When Richard Nelson's Springwood was announced last year, it arrived with an impressive pedigree: it was set to mark Stanley Tucci's directorial debut. Since then, Tucci has dropped out (starry scheduling conflicts!), with US playwright Nelson stepping into the director’s chair himself. It's hard not to wonder whether Tucci might have coaxed something more dynamic from the material.
This stage adaptation of Nelson’s film Hyde Park on Hudson dramatises the 1939 state visit to the United States, when King George VI and the future Queen Mother met President Franklin D Roosevelt and First Lady Eleanor Roosevelt for the first time. Here, then, are the origins of the so-called ‘special relationship’. Hitler’s power is on the rise, and Britain is desperate for an ally. But before they can secure American support, they must first survive a country-house weekend, a public picnic and the thorny business of mastering beer etiquette and eating hot dogs with dignity.
So, there’s the initial question of whether opposites can actually attract. Yet as the President and the King spend more time together, they discover they have more in common than first appears. Robert Lindsay's Roosevelt is an easy-going, wise-cracking paternal figure, while Andrew Havill’s Bertie – as the king is known – is awkward, reserved and still finding his feet as monarch. They bond over whisky, conversations about women, stamp collecting and public perception, but also through their shared experiences of disability: Roosevelt's paralysis from polio and Bertie's speech impediment.

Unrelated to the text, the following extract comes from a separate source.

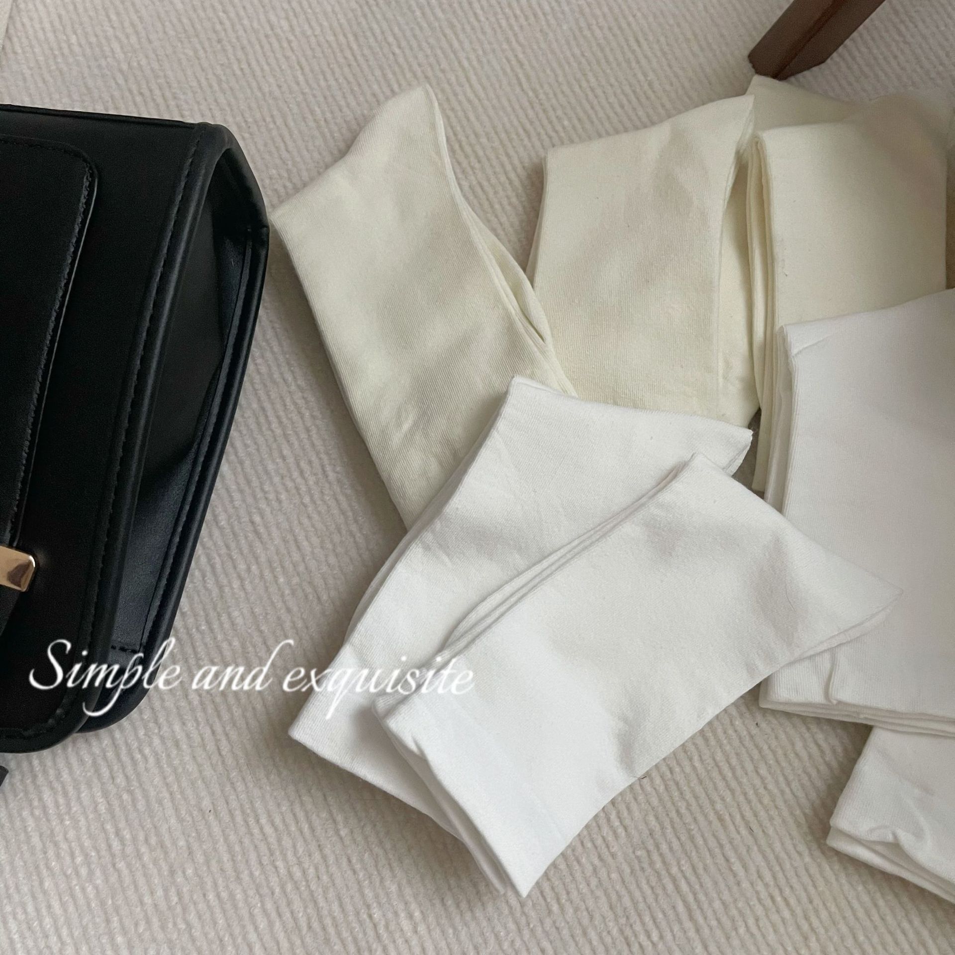 리틀 레드 북 같은 스타일의 흰색 양말 중반 송아지 우유 흰색면 양말 여성의 간단한 올 매치 단색 포시즌 웨어러블 블랙 스타킹

For a meeting whose consequences would reverberate around the world, Springwood is strikingly domestic in scale. Tom Piper's thrust staging transforms the Springwood estate into an intimate space, bringing us directly into drawing rooms and bedrooms where the king and queen feel utterly out of place. Nelson's script, however, leans too heavily on familiar national clichés: the British drink tea and rely on decorum, while the Americans are plain-speaking, easy-going free spirits.

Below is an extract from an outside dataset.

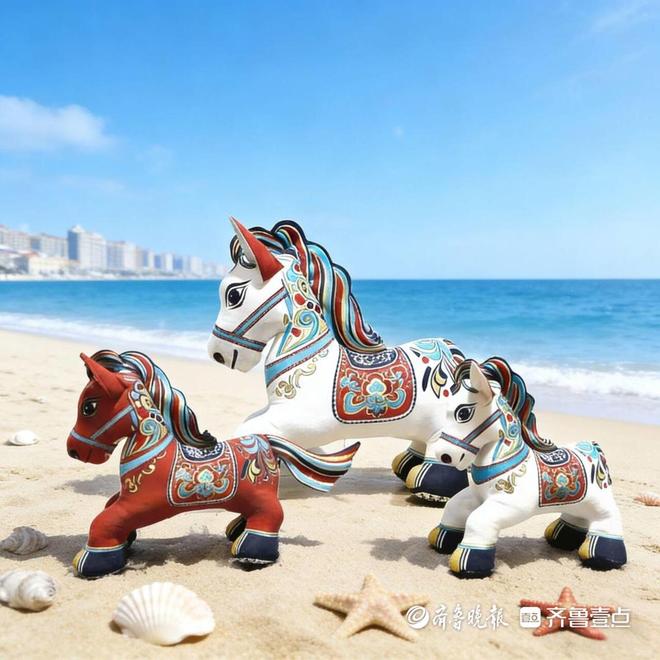 此次获奖的五花马生肖布艺,是胶东版画烟台市级非遗代表性传承人朱武学的匠心之作。作品精准还原唐马颈长臀圆、鬃毛飘逸的典型体态,延续了盛唐艺术“雄强遒劲”的审美特质,既再现了《照夜白图》中骏马的昂扬气韵,又融入李白“五花马,千金裘”的诗圣意境,将“马到成功”“龙马精神”的吉祥寓意与“盛世骏骥”“骏马迎春”的节庆氛围完美融合,成为传承中华生肖文化的生动载体。

Those cultural differences are most vividly embodied by the two women. Rebecca Night's Queen Elizabeth is in a near-constant state of anxiety, desperate to telephone home and speak to her daughters, while Jemma Redgrave's Eleanor Roosevelt is forthright and pragmatic, accepting her husband's affairs with the understanding that they have ‘an agreement’.
But these conflicts aren't enough to inject real dramatic momentum into Nelson's slow-moving production. Lengthy scene changes, with furniture laboriously moved on and off stage, bring the action to a halt, while the oddly episodic structure makes the king's three-day stay feel like an eternity. All of it could benefit from a bit of directorial zing.
Still, programming a play that interrogates the special relationship at a moment when tensions between the UK and US are once again in choppy waters feels apt. But if Springwood is anything to go by, diplomacy might be solved with a late-night debrief and a glass of whisky.